#### What to do
An exact copy is needed of the lines in the entries below from the line with "Nylon gymtas in" up to and including the line with "美國息口走勢未明朗下,加上內", and of nothing else. Leave the pictures out.

#### Task inputs
========

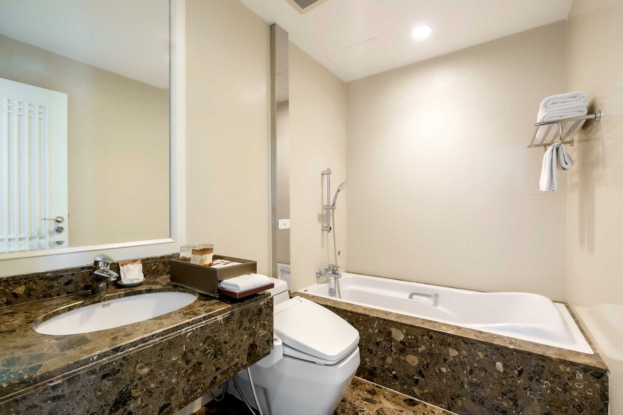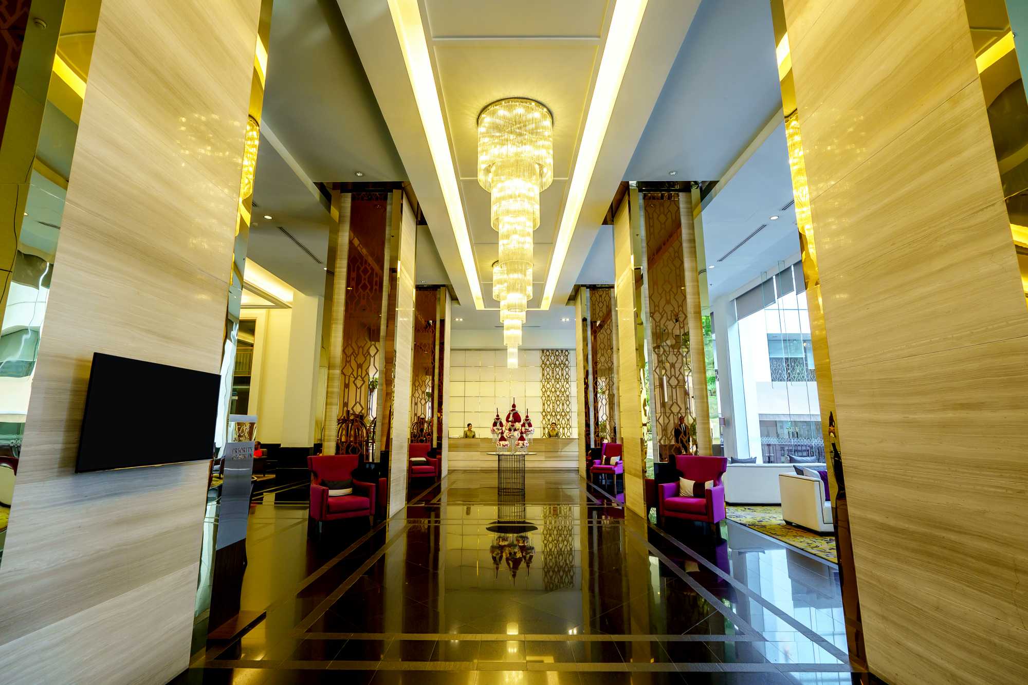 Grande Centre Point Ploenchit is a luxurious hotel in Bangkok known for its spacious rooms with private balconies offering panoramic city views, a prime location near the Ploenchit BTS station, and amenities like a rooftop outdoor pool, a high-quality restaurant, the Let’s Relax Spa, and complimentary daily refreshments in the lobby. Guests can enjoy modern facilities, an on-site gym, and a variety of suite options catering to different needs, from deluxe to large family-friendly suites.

========

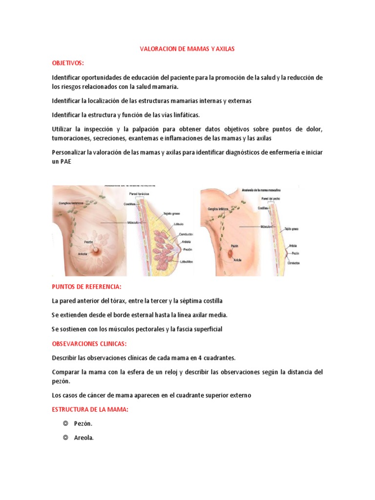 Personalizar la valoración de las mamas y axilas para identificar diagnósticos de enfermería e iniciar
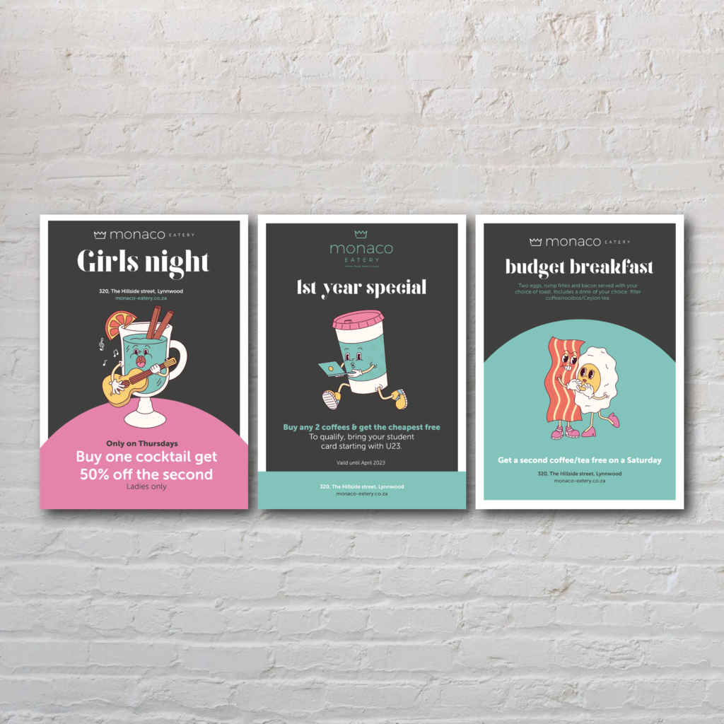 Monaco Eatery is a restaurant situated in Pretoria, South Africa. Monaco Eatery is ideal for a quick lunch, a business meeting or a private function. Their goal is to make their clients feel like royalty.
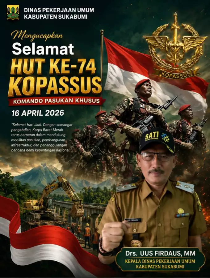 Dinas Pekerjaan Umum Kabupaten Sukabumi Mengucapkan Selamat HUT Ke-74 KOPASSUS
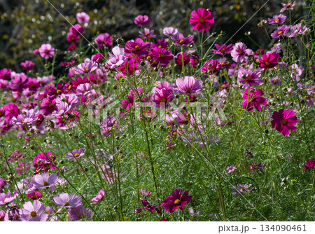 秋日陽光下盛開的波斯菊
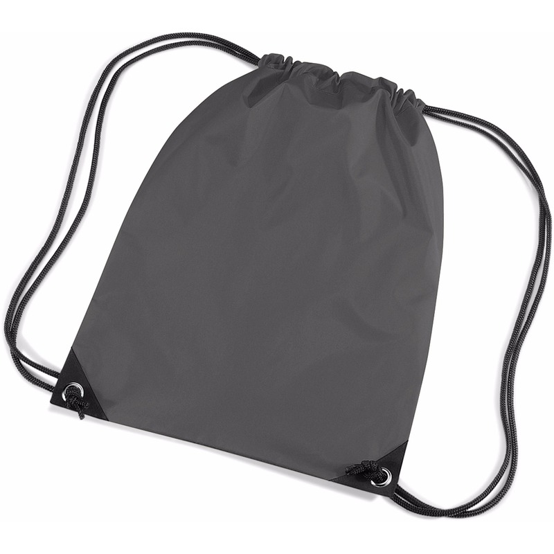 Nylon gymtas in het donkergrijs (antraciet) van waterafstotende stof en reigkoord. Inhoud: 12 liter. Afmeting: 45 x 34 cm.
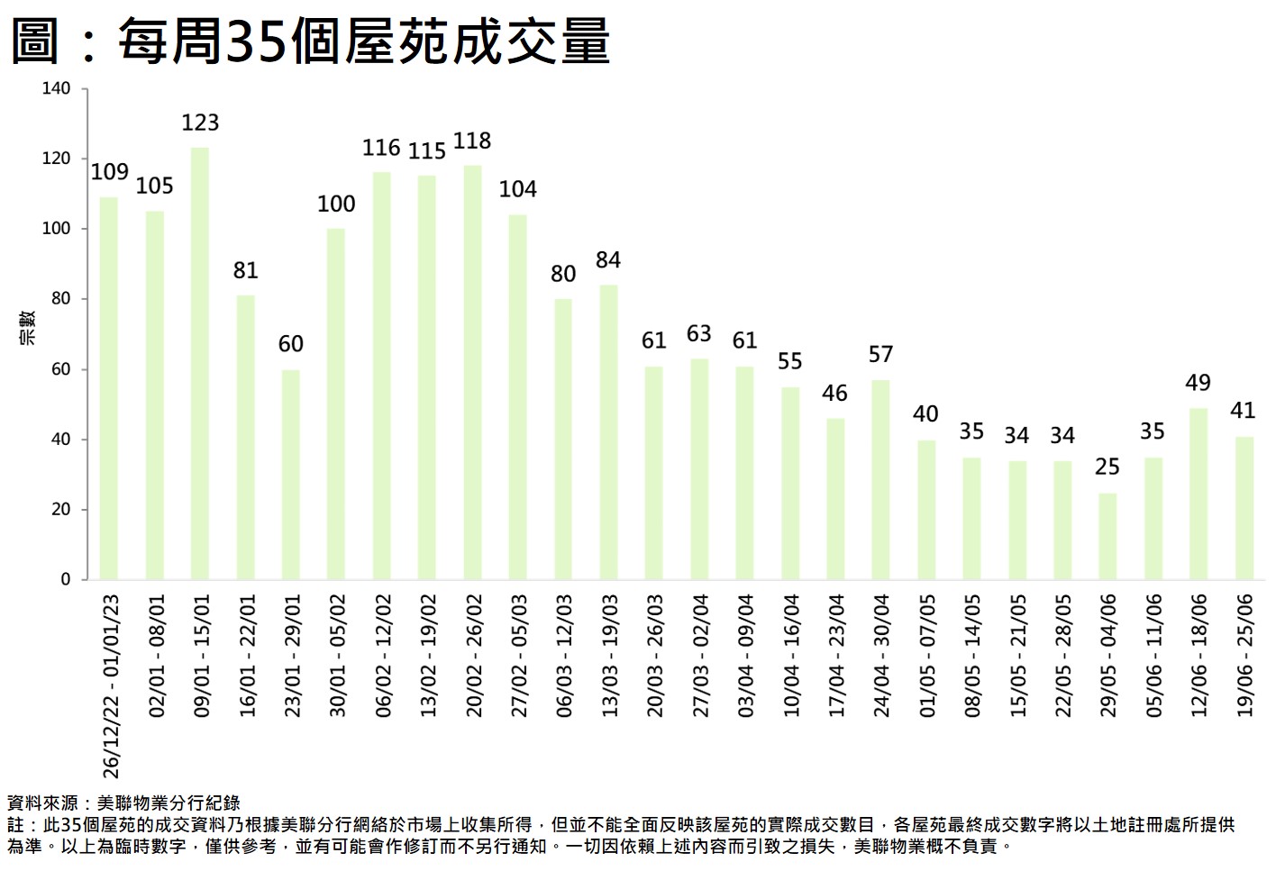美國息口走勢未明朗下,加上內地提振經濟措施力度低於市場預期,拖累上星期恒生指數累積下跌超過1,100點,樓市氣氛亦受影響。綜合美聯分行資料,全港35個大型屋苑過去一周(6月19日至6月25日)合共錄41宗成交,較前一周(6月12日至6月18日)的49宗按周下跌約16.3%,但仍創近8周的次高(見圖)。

========

#### Answer section
 Nylon gymtas in het donkergrijs (antraciet) van waterafstotende stof en reigkoord. Inhoud: 12 liter. Afmeting: 45 x 34 cm.
美國息口走勢未明朗下,加上內地提振經濟措施力度低於市場預期,拖累上星期恒生指數累積下跌超過1,100點,樓市氣氛亦受影響。綜合美聯分行資料,全港35個大型屋苑過去一周(6月19日至6月25日)合共錄41宗成交,較前一周(6月12日至6月18日)的49宗按周下跌約16.3%,但仍創近8周的次高(見圖)。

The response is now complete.